Woah Sharper, that is GORGEOUS! Well done, man! I love it...


----------



## Byudzai (Aug 31, 2013)

WOW. beauty!


----------



## Pauli (Feb 10, 2014)

Fantastic work !!


----------



## Dr J (Apr 22, 2013)

Outstanding!


----------



## flipgun (Nov 14, 2012)

Very good lookin' shooter! Nice joins, I always leave a glue line.


----------



## Beanflip (Sep 11, 2010)

SSOTM. Hands down.


----------



## Beanflip (Sep 11, 2010)

SSOTY even!


----------



## Sharker (Sep 15, 2013)

Beanflip said:


> SSOTY even!


Hehee, but can you sign it next month competition?


----------



## E.G. (Mar 27, 2014)

Beautiful!


----------



## tyrone8511 (May 2, 2014)

holy smokes that is treemendous, awesome work, inspiring all of us to finer works


----------



## bigron (Nov 29, 2012)

beautiful enough said oh and WOOOOWWWWW!!!!!!!!!!!!


----------



## e~shot (Jun 3, 2010)

Stunning!


----------



## Sharker (Sep 15, 2013)

Thank you guys !


----------



## Bob Fionda (Apr 6, 2011)

Stunning! a candidate for the SOTM.


----------



## NOTATOY (Feb 17, 2015)

Amazing work!!! I can see how much work was involved into making this one.

Great piece of burl you have there in the background.


----------



## shew97 (Feb 13, 2014)

great looking shooter you have there! :thumbsup:


----------



## Byudzai (Aug 31, 2013)

can't get over how you made that wood glow. almost looks like agate.


----------



## mr. green (Nov 3, 2012)

I'm speechless. :bowdown: :bowdown: :bowdown:


----------



## leon13 (Oct 4, 2012)

That is so great !!!!!
WOW


----------



## fred45 (May 15, 2014)

you need some Osage orange!!! want to do a trade?


----------



## fred45 (May 15, 2014)

that is SUPER nice


----------



## Sharker (Sep 15, 2013)

Bob Fionda said:


> Stunning! a candidate for the SOTM.


Can you add it like candidate, when time is coming?


----------



## Sharker (Sep 15, 2013)

Byudzai said:


> can't get over how you made that wood glow. almost looks like agate.


maple shines even more, like lightwaves are inside


----------



## Beanflip (Sep 11, 2010)

I was looking at your Bullhorns III post and had to come back to this one.
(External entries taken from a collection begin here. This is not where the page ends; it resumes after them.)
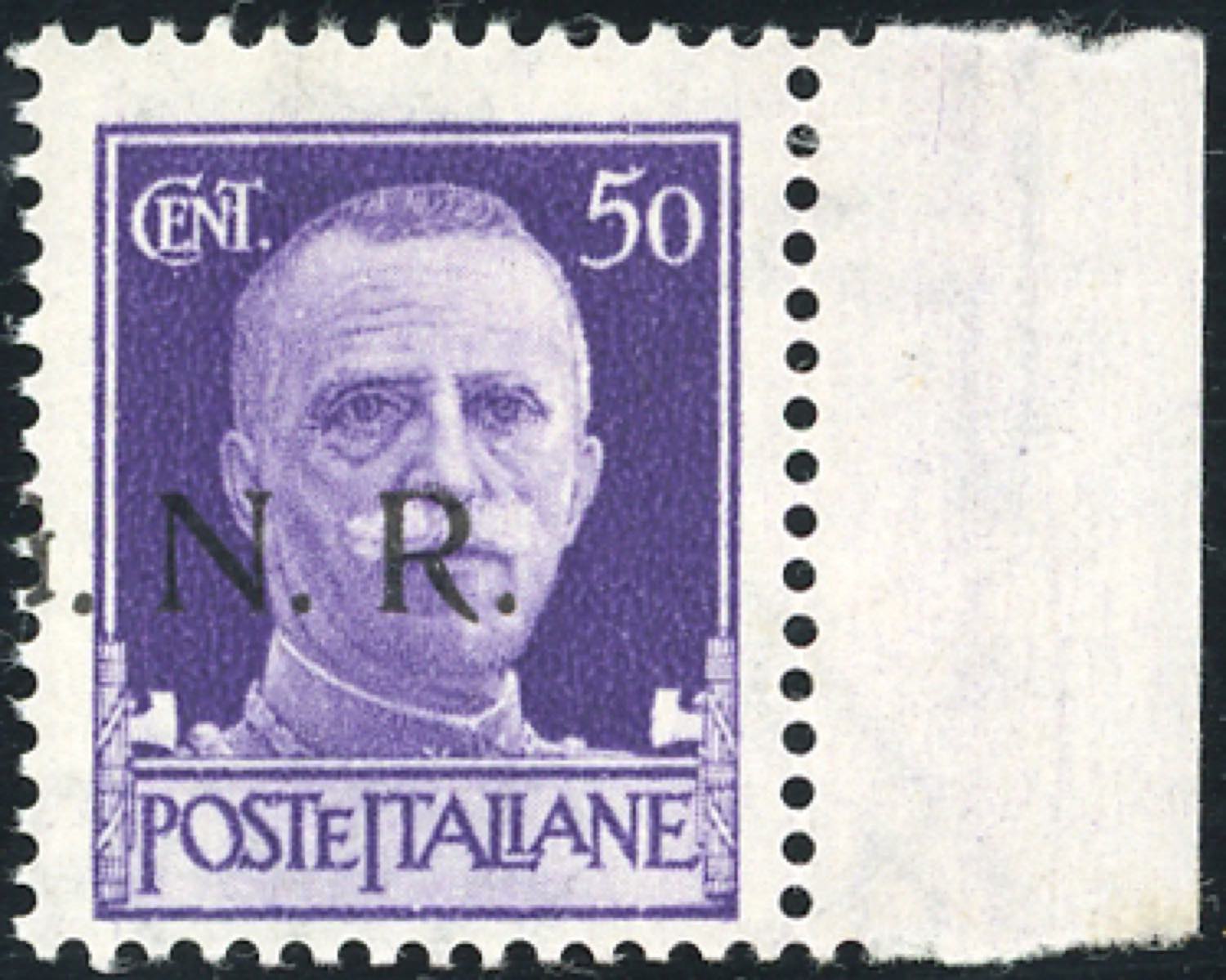 1943 - 50 cent. soprastampa G.N.R. di Brescia, I tipo, solo NR in soprastampa (477/Ifb), bordo di foglio, gomma originale integra, ... Read more
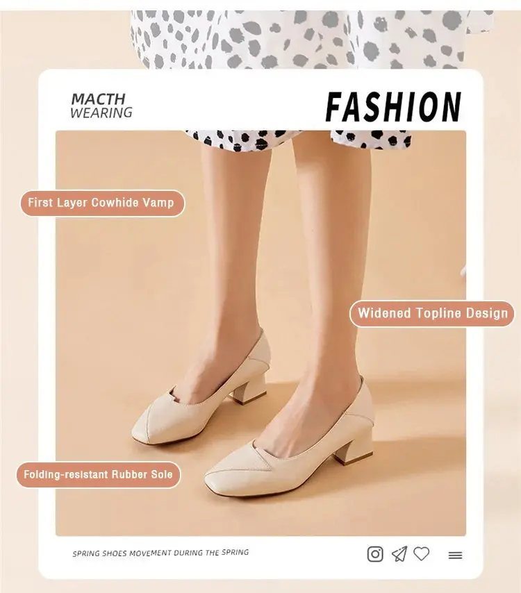 Four Seasons Shoes Soft Bottom Middle-aged Women's Shoes Chunky Heeled Mom Shoes Comfortable Casual Work Leather Shoes
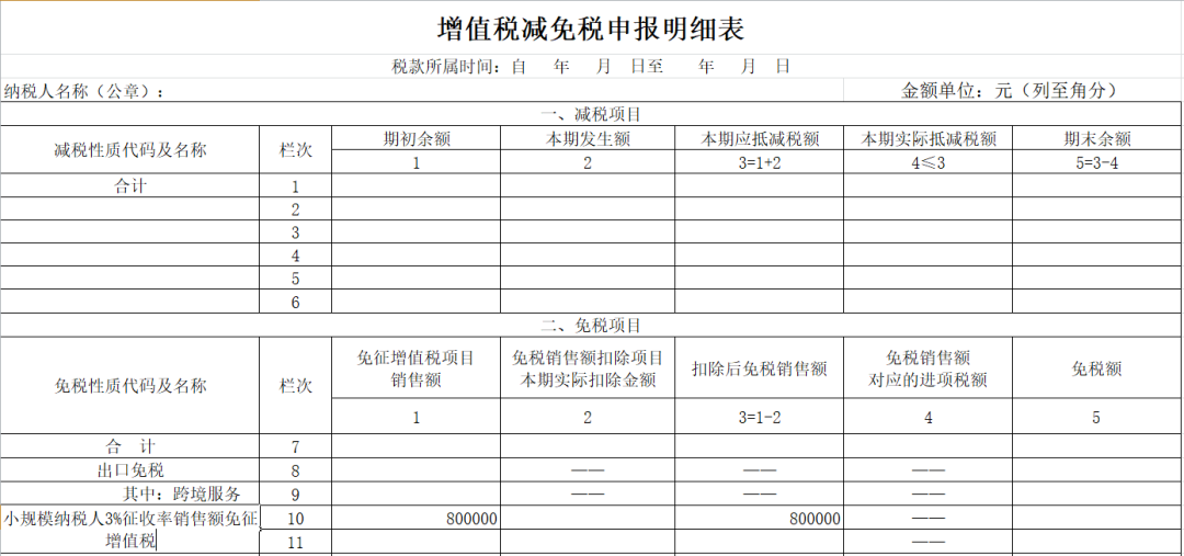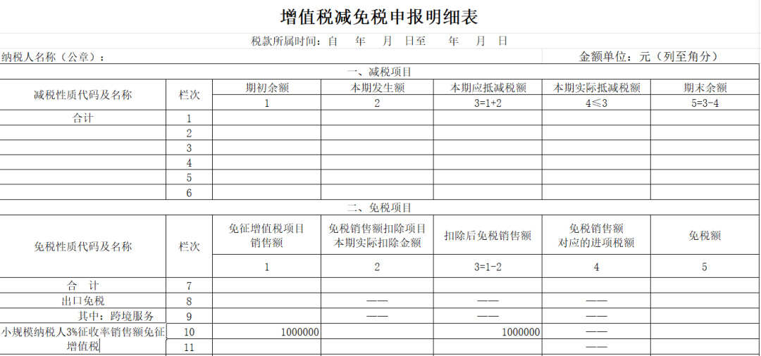 合计月销售额超过15万元的(季度45万),免征增值税的全部销售额等项目应当填写在《增值税及附加税费申报表(小规模纳税人适用)》“其他免税销售额”栏次及《增值税减免税申报明细表》对应栏次。
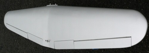 二度目のサフェーサーを吹きつけて、#320〜#600でサンディングした後の主翼です。動翼はペーパーヒンジで仮付けして吹きつけましたが固定されていないのでサンディングは取り外してやりました。軽く研いできたつもりですがリブの間にはサフェーサーが見事に残っています。 |

What do you charge for such a beautiful work?


----------



## stinger (Jul 6, 2014)

Art work bud. Love your shooters.


----------



## Sharker (Sep 15, 2013)

Beanflip said:


> I was looking at your Bullhorns III post and had to come back to this one. What do you charge for such a beautiful work?


Hello Beanflip, im glad that you like my work so much, this one is already sold, I got 80$, but I can make new if you really interest.


----------